■ TASK TO CARRY OUT: What you return should be only the lines starting at the one that contains "中秋,是一个团圆的节日,它承" and running to the end of the listing, exactly as written, minus any pictures.

■ EXERCISE INPUTS:
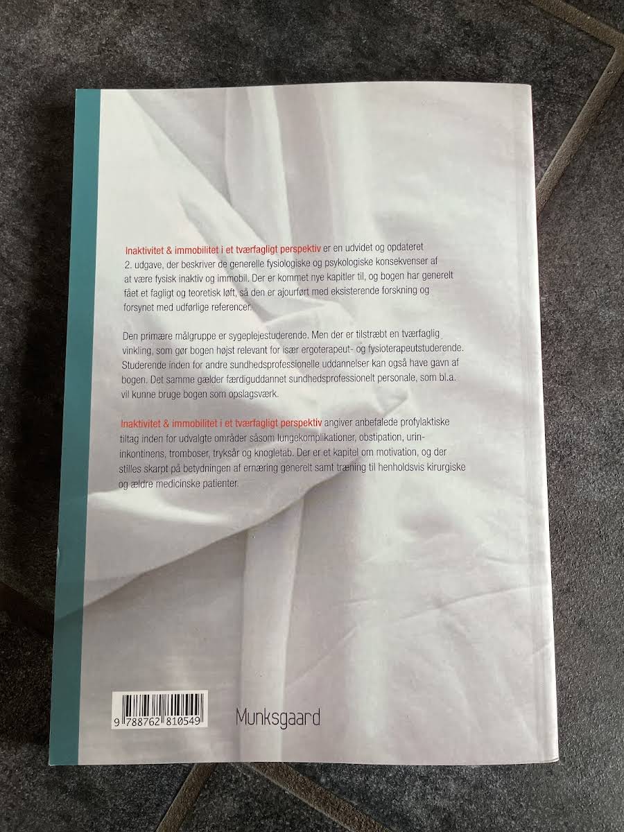 In "Inaktivitet og immobilitet i tværfagligt perspektiv" undersøges de fysiologiske og psykologiske konsekvenser af fysisk inaktivitet og immobilitet ud fra et alsidigt, tværfagligt perspektiv. Bogen afdækker aktuelle emner som lungekomplikationer, tryksår og knogletab, og giver desuden indblik i forebyggende tiltag, der kan have betydning for både kirurgiske og ældre medicinske patienter. Med sin opdaterede teoretiske tilgang og omfattende referencer er bogen ajourført med den nyeste forskning på området. Med udgangspunkt i en målgruppe, der primært omfatter sygeplejestuderende, er bogen struktureret, så den også henvender sig til faggrupper som ergoterapeuter og fysioterapi-studerende. Derudover kan både studerende og allerede uddannede sundhedsprofessionelle drage fordel af den tværfaglige vinkel, der sætter fokus på motivasjon samt ernæringens og træningens betydning i forbindelse med inaktivitet og immobilitet. Gyldendal udgiver denne 230-siders paperback fra 2010, der udgør et værdifuldt opslagsværk inden for sit felt.
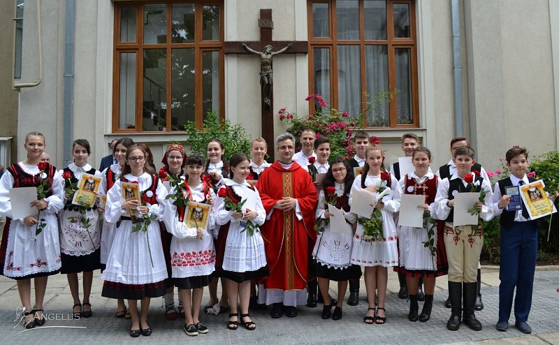 28.05.2018, București (Catholica) - Sâmbătă 26 mai a.c., în parohia „Sfânta Maria a Harurilor” (Bărăția) a fost zi de mare sărbătoare. Îmbrăcați în port național, cu sufletul curat și inima deschisă, emoționați vizibil, dar nerăbdători să primească plinătatea Duhului Sfânt în Sacramentul Mirului, 19 candidați din comunitatea maghiară, au urcat încrezători o nouă treaptă importantă în viața lor creștină.
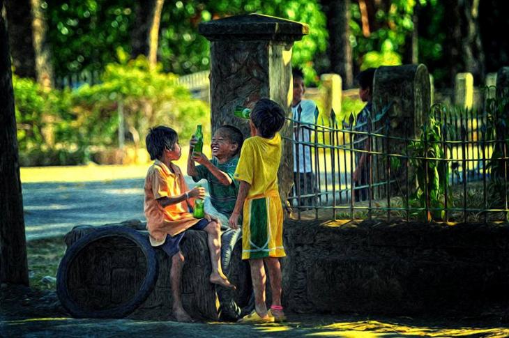 Bucolic Kids of Abra, enjoying the cold soda and crackers after a hot afternoon of playing in the park.
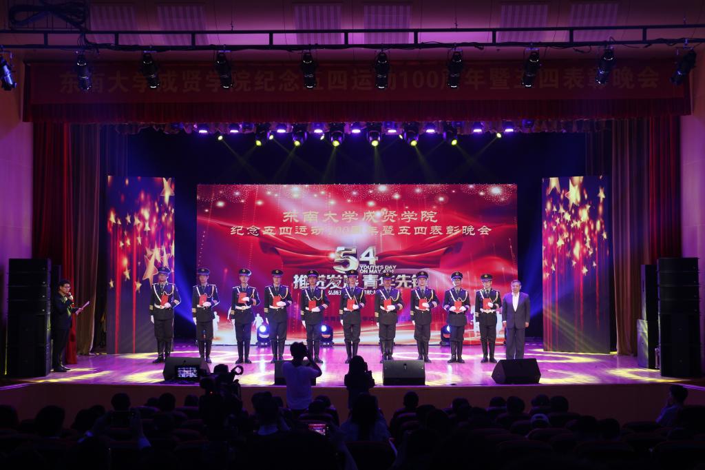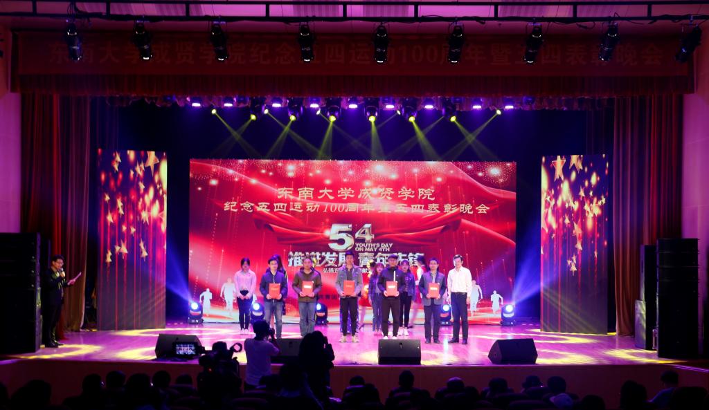 颁奖环节中,校团委邀请了优秀成贤青年代表以“青年·青春·奋斗”为主题进行了访谈,金明霄同学从志愿服务,张悦蔚同学从工学矛盾到境外留学,李柯同学从部队退伍到立志考研,贺振宇同学从专业学习到专利申请不同角度分享了他们的青春故事,用行动诠释了奋斗的意义和青春的价值。最后,大会在活力四射的歌舞《我们都是追梦人》中落下帷幕,歌曲唱出了成贤青年用青春拥抱时代,用生命点燃未来的澎湃激情。
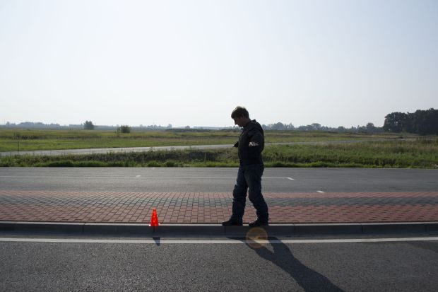 UWAGA: Ćwicz ostrożnie, jesteś na drodze publicznej! Utrzymuj wzrok w wyznaczonych punktach i kontakt z pomocnikiem.
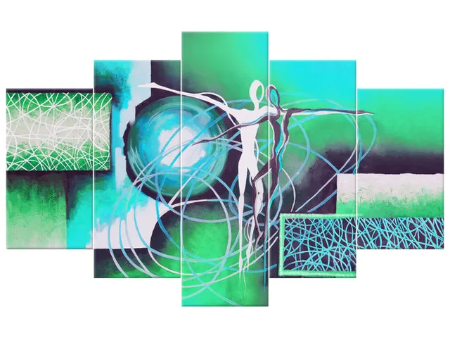 Úvod » Obrazy » Obrazy na plátne » Abstrakt » Moderný obraz na stenu Tancujúce postavy v tyrkyse
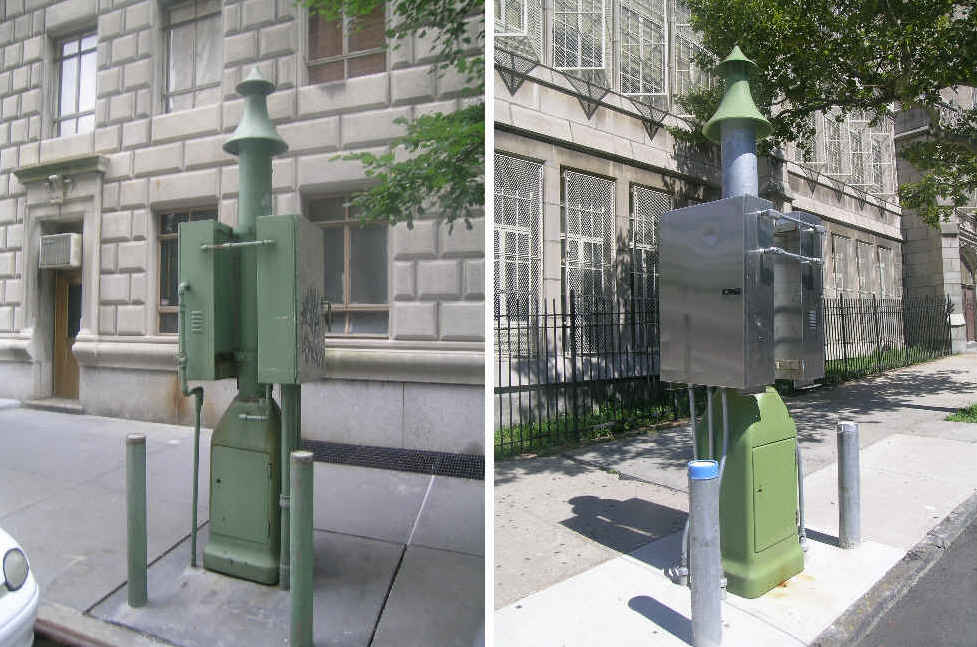 Con Ed pipeline pressure regulators/vents, West 75th Street, left, West 135th Street, right, August 22, 2004.
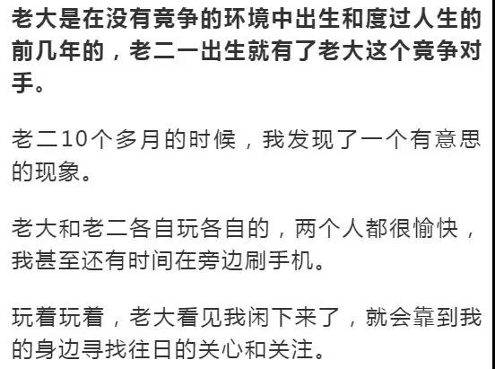 老二从小处在竞争的环境中,时刻与老大这个陪练一起练上几下。
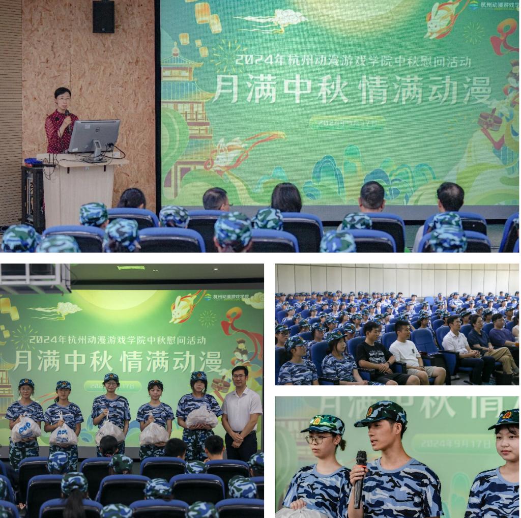 中秋,是一个团圆的节日,它承载着中华民族深厚的文化底蕴和对家的思念。今年中秋节恰逢2024级新生们军训,为了让学生感受到杭州动漫游戏学院大家庭的温暖和关怀,9月17日上午,动漫游戏学院在4201视听讲堂开展了“月满中秋,情满动漫”中秋慰问活动。分院党政领导班子、学工办辅导员、新生班主任、班助和全体2024级新生参加了本次活动。
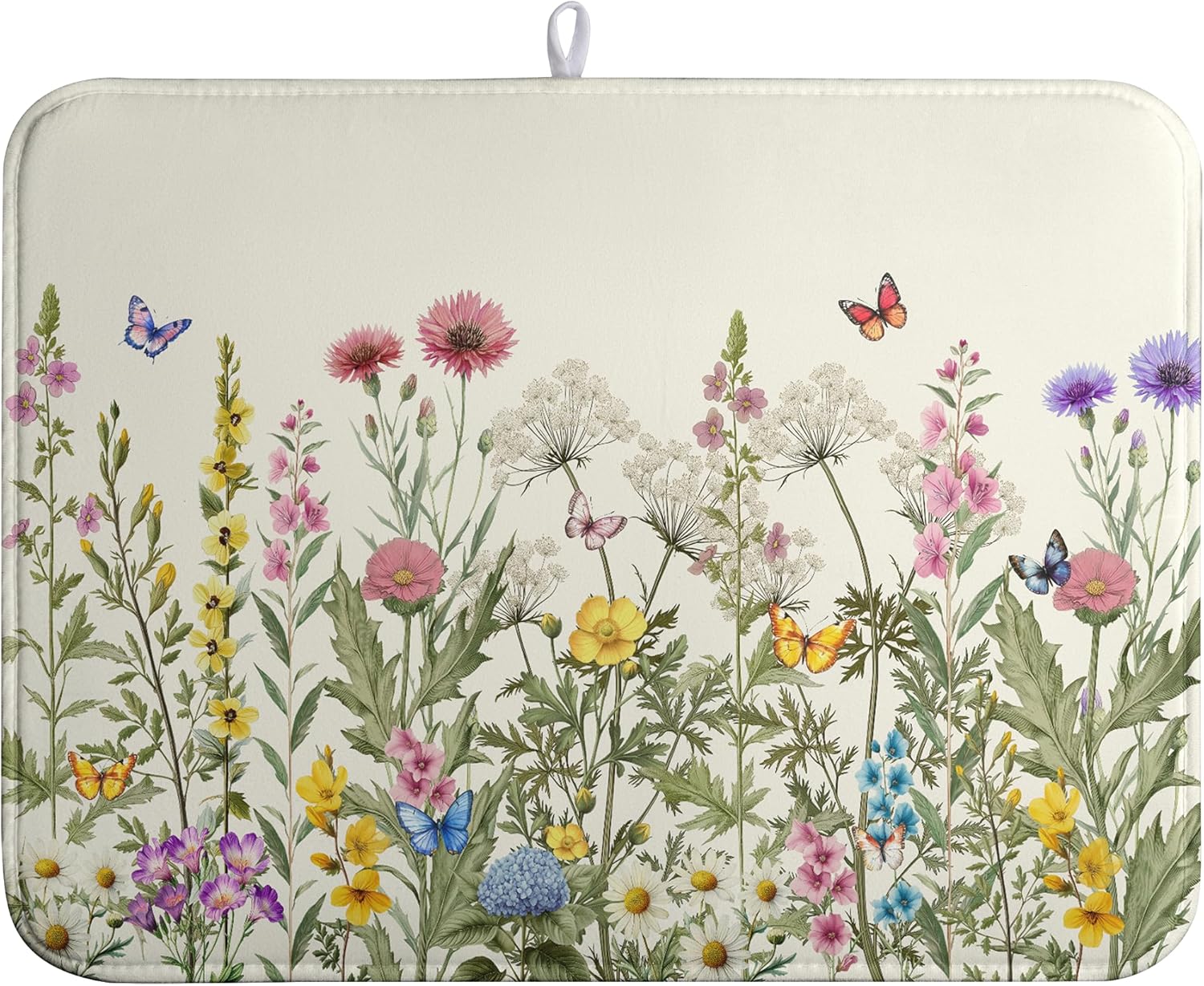 - [Quick Absorption]: Made of absorbent material, our Spring Summer dish drying matt kitchen counter Floral Flowers dish dryer mat for kitchen absorbs water stains quickly, keeping your table top dry and clean, avoiding water stains and leaks, providing you with a pleasant and dry dining or working experience.

■ RESPONSE:
 中秋,是一个团圆的节日,它承载着中华民族深厚的文化底蕴和对家的思念。今年中秋节恰逢2024级新生们军训,为了让学生感受到杭州动漫游戏学院大家庭的温暖和关怀,9月17日上午,动漫游戏学院在4201视听讲堂开展了“月满中秋,情满动漫”中秋慰问活动。分院党政领导班子、学工办辅导员、新生班主任、班助和全体2024级新生参加了本次活动。
 - [Quick Absorption]: Made of absorbent material, our Spring Summer dish drying matt kitchen counter Floral Flowers dish dryer mat for kitchen absorbs water stains quickly, keeping your table top dry and clean, avoiding water stains and leaks, providing you with a pleasant and dry dining or working experience.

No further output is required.